As an actor David held many opinions on theatre and films. He once told me that you don't need to have a huge intellect to be an actor, but you do need to be aware. You have to know your vulnerabilities and let them work for you. I thought about that a lot, because it ties into what some people call intuition—being attuned to the things that run deeply through you and allowing yourself to be guided by that inner truth. 

I’d occasionally send him bits and bobs, like Robert De Niro’s address at the Tisch School’s commencement in 2015, in which he famously said, “Yeah, you’re all fucked.” David enjoyed it, although is was disappointed that De Niro relied on a teleprompter. (This was a sore point for him. He had the same complaint when Tim Minchin read his commencement address at the University of Western Australia.) He liked Tarantino and Gene Hackman, but I let that slide.

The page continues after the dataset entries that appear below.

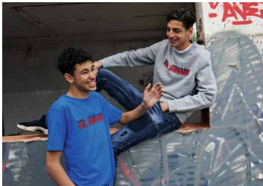
Une ligne « made in Bastide » aux couleurs d'Ici Demain en vente cet été.
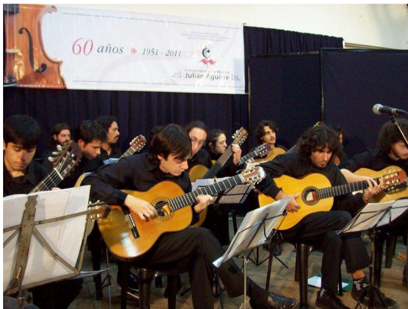
Ensamble de guitarras del Conservatorio J. Aguirre

Nota: PARA ASPIRANTES A INGRESO 2016: El Taller de Integración Musical (TIM) comenzaría en abril del 2015. La inscripción se realiza en mesa de entrada. Se recomienda cursar en los primeros meses, pues las vacantes se agotan rápidamente.
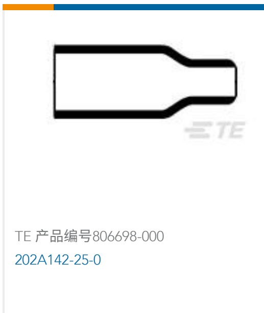
TE 产品编号806698-000 202A142-25-0
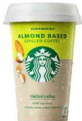
ES8172 - CAFFE' E LATTE DI MANDORLA ML 220 (10 PZ)
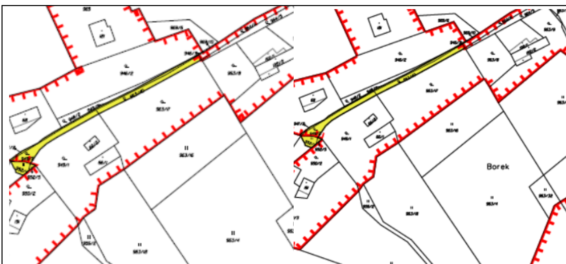
výřez z nového návrhu pro SP
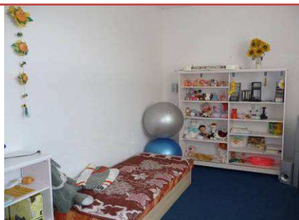
Krízové stredisko Pálkovo centrum
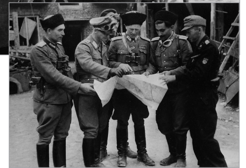
Rusų kazokai Vermachto tarnyboje

panikai ir chaosui, ištisi junginiai kartu su štabais ir visais dokumentais dingdavo be pėdsakų):
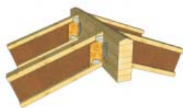
Spoj na vrcholové vaznici – ocelovými spojkami
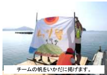
チームの帆をいかに掲げます。
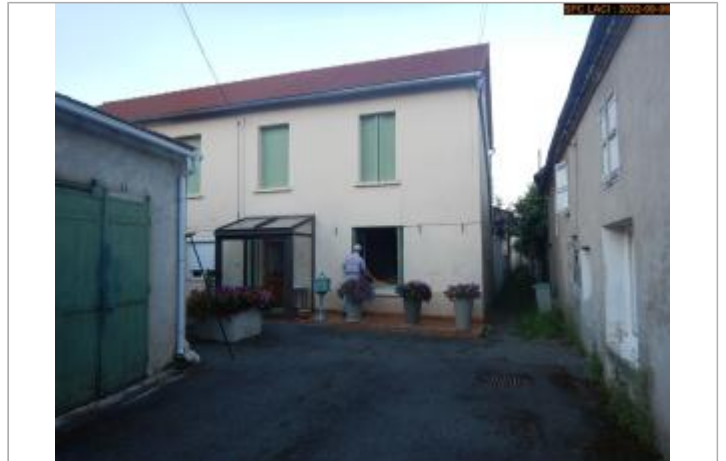
Vue du site éloignée (à partir de l'impasse)

Coordonnées WGS84 : X: 3.09215542 / Y: 46.11628538

One of his biggest gifts to me was Wes Anderson—it started with The Grand Budapest Hotel, which I adored, and then moved on to Fantastic Mr. Fox and The Life Aquatic with Steve Zissou. I shared them with my BFF, who overcame her aversion to animated movies to enjoy Fantastic (it was Bill Murray as Mr. Badger that did it). In turn I introduced him to Libeled Lady and the comic genius of Jean Harlow, who held her own against William Powell and Spencer Tracy when she was just 25 years old. David thought she was grand.

For a long time he was a fairly regular reader of this blog. In fact, one of his earliest tweets to me was a compliment that inspired me to this effort on Facebook for Tanka Saturday:

Better even than
“Will you marry me?” The best
Four words in English
Are “I like your blog”. From a
Stranger. Unsolicited.

And he sent me this PM on Facebook, which meant so much to me: “Keep going with your blog. It’s interesting, and you observe well and write well.” I’d forgot about that—I only came across it when I was dredging through our correspondence this weekend. But it reminded me how unbelievably chuffed I was when he said it.  

Our last exchange was in September. Then I got wound up in stuff at work. I sent him one of my silly things in November, but there was no reply. That sometimes happened, and it wasn’t unusual for a couple of months to go by without contact. But this past week I noticed a flurry of visits here, to the pages where I posted about the D&P show. And Saturday I finally saw a search term about David’s death. So I searched, found and then started crying.

David got 12 years after his MS diagnosis, but his life should have been longer, and it pisses me off that he died so young. He'd probably mock me for praying for the repose of a soul that he didn't believe exists. Nonetheless, I do. He leaves his partner Rachel, and his sons Bert, 9, and Gus, 6. And a lot of friends, some of whom he never actually met. 

On this Gratitude Monday, I'm grateful for my friendship with David, even as I am filled with sadness that it's been cut so short; around four years. I’ve been treating my sorrow with music this weekend. This is one I keep coming back to, even though David had no connection to the Scots that I know of. It's a lament, and it suits me right now.



David J. Royle, 16 June 1961 – 22 December 2017




2 comments:

anonymous 3 said...

A beautifully written rememberence. So great that you reached out, he answered and many intelligent, thoughtful, fun ideas and experiences were shared.

anonymous 3 said...


I know you. Never met David. Thank you for your words and the videos. Laughter and tears.